How can the smaller group know about the main group until it rejoins it?
I maintain that unless you have a fixed set of ledger producing nodes, or a deterministic selection policy (which has its own set of problems), you must be able to deal with forks, because they will be inevitable.
A block is 1 persons vote, the miner who made it. There can not be a majority in a set of 1, and I can come and change that "vote" at any time providing I produce a block(s) with a greater amount of work done.
1 block represents 25 BTC of hashing power, not one person. In addition, subsequent blocks placed on top of that block are *additional votes* for that chain.

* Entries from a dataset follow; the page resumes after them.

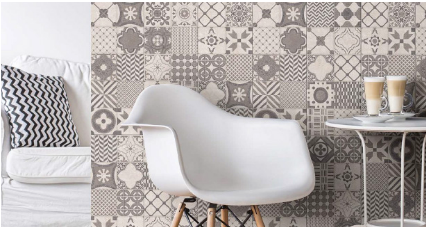
TAUPE 8" X 20" DÉCOR MAT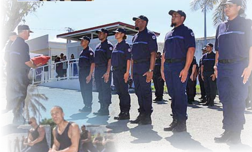
Promotion « Uéva Timiona »

Les cérémonies se sont achevées par un haka interprété par les surveillants stagiaires.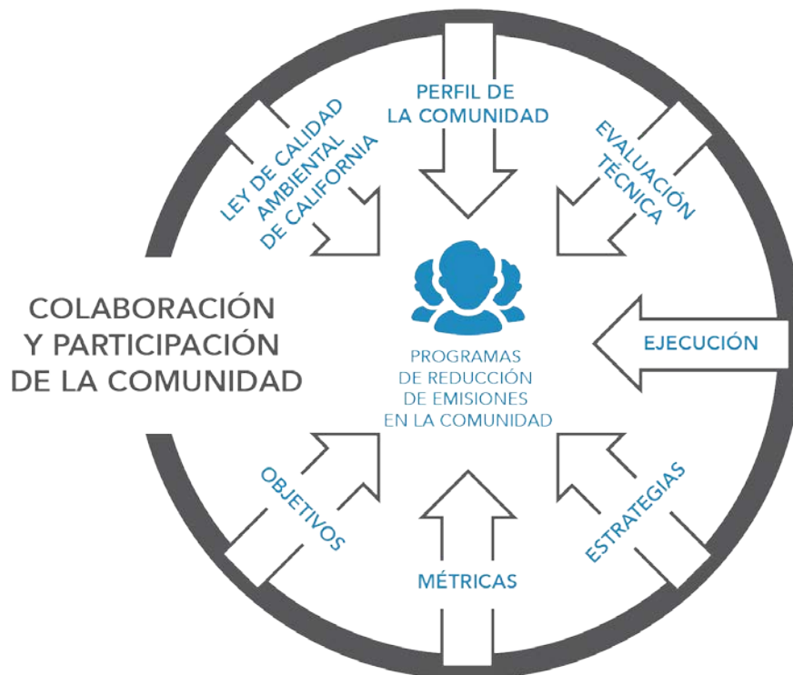
Figura 6 Elementos que Requiere un Programa de Reducción de Emisiones en la Comunidad

En la Figura 6 se proporciona una visión general de los elementos que exige un programa para la reducción de emisiones en la comunidad.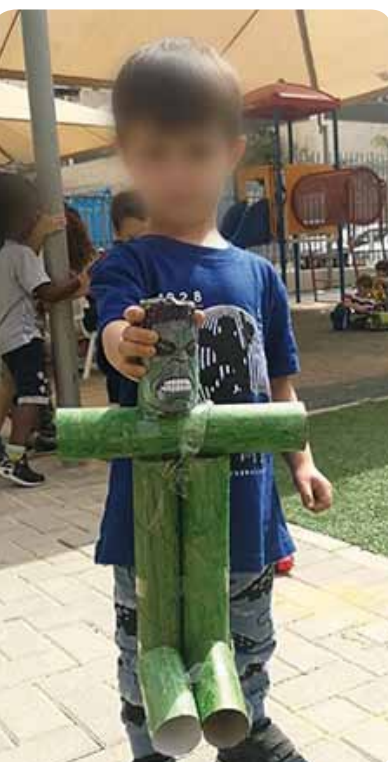
ר' עם דגם של הענק הירוק שהוא הכין עם חבר באחת הפעילויות

בעזרת תיווך של מבוגר בעבודה רצופה ומשמעותית כל ילד יכול לפרוח בגן.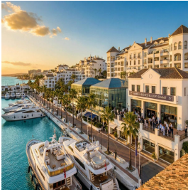
ماربيا - اسبانيا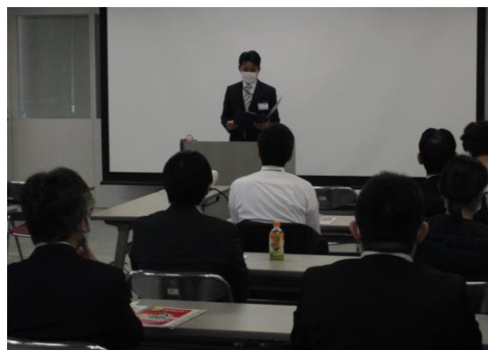
「防火研修会」の様子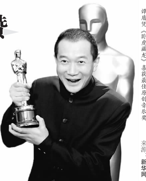
谭盾凭《卧虎藏龙》喜获最佳原创音乐奖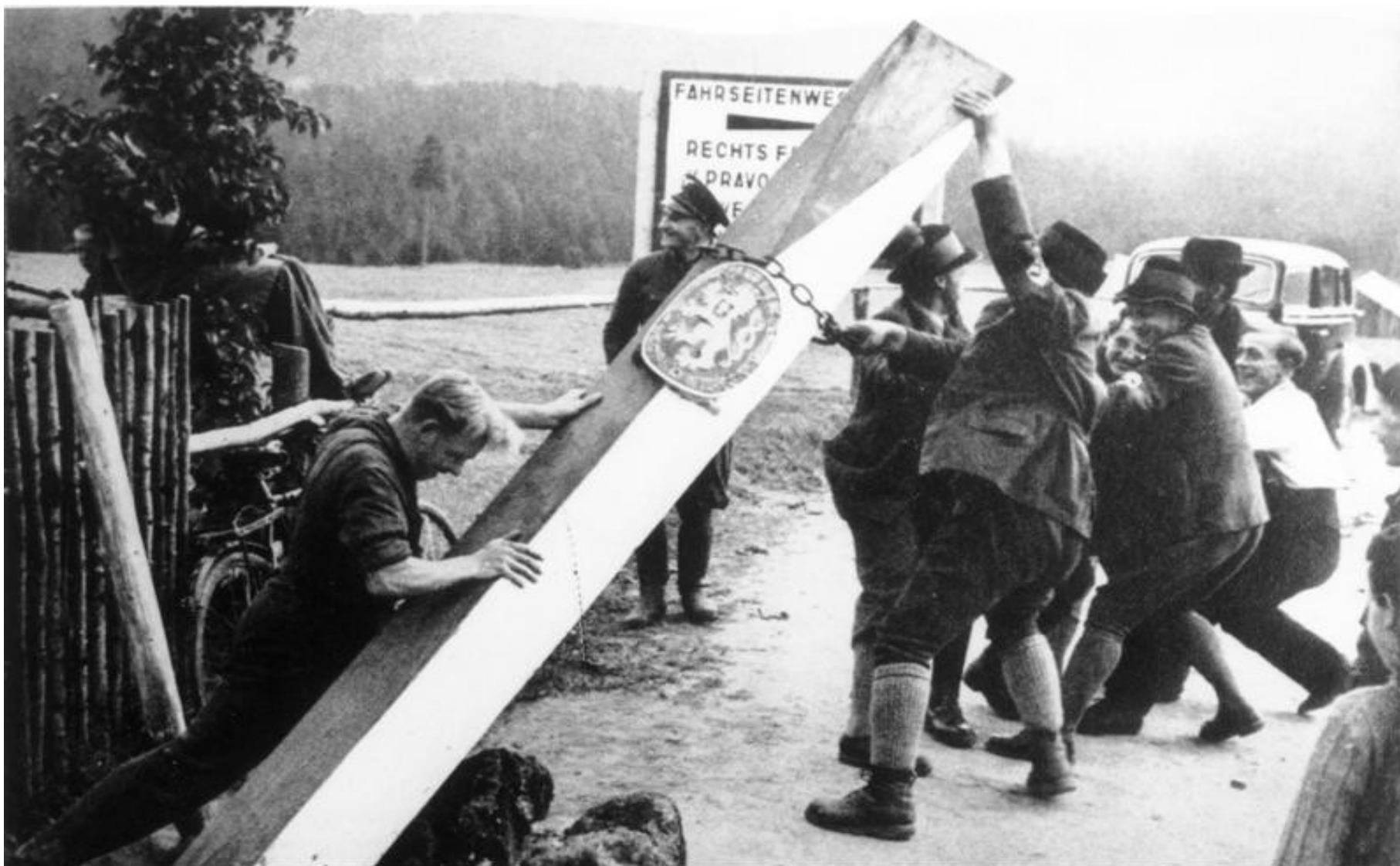
1938 September - Oktober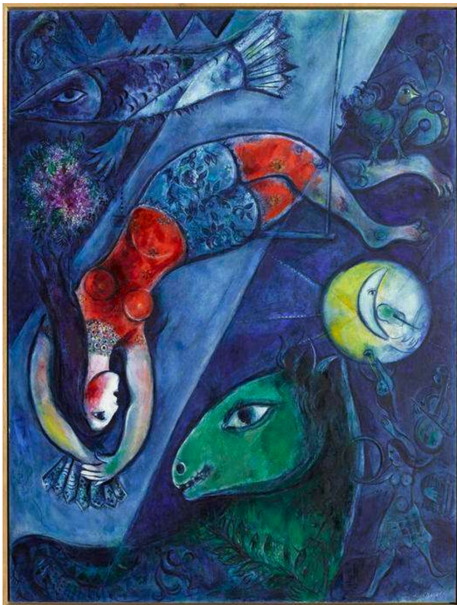
Le Cirque Bleu , 1950-52, Huile sur toile, 238x176cm, Musée national d'art moderne - Centre de Création industrielle, Centre Georges Pompidou, en dépôt au musée national Marc Chagall. © GrandPalaisRmn (musée Marc Chagall) / Gérard Blot © ADAGP, Paris, 2025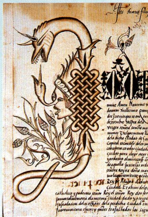
Libro de Actas Comunes 1531-1532 [ L.A. 23 ]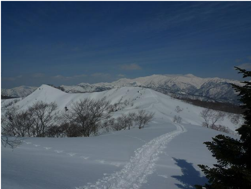
天狗山への雪稜 白山に近づきま す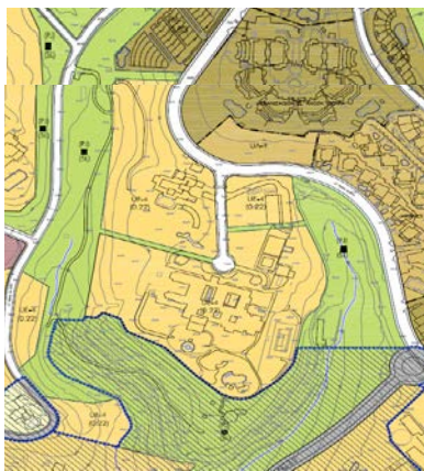
PGOU: Situación en el Plano de Ordenación Completa

La innovación presentada propone una zonificación, en lo que a la delimitación del suelo destinado a espacios libres se refiere, ajustándola a la delimitación definida en el expediente de cesiones, incluyendo todos los suelos de titularidad pública destinados a este uso.

Are you sure? Who is presenting all these Byzantine failures that total 50%? It is proven by people many times smarter than you, I and everyone else here that the limit of true Byzantine tolerance in any trustless information system is 33%. Are you saying they are wrong? That Satoshi has achieved the equivalent of faster than light travel in information theory?
Byzantine failures are basically misinformation, through whatever means. The truth in POW is the longest chain of work, and since a majority is >50%, POW can withstand 50% byzantine failures. That is the true genius of satoshi.
With all due respect, I'm not going to throw away 2 years of work on the say so of someone I've never even spoken to before 3 days ago. This isn't theoretical work, as we've been actively testing this model for failures for 9 months or more now.
That is your prerogative, of course. I know it is very hard to look at your own work objectively, but it is also essential to do so, no matter the cost.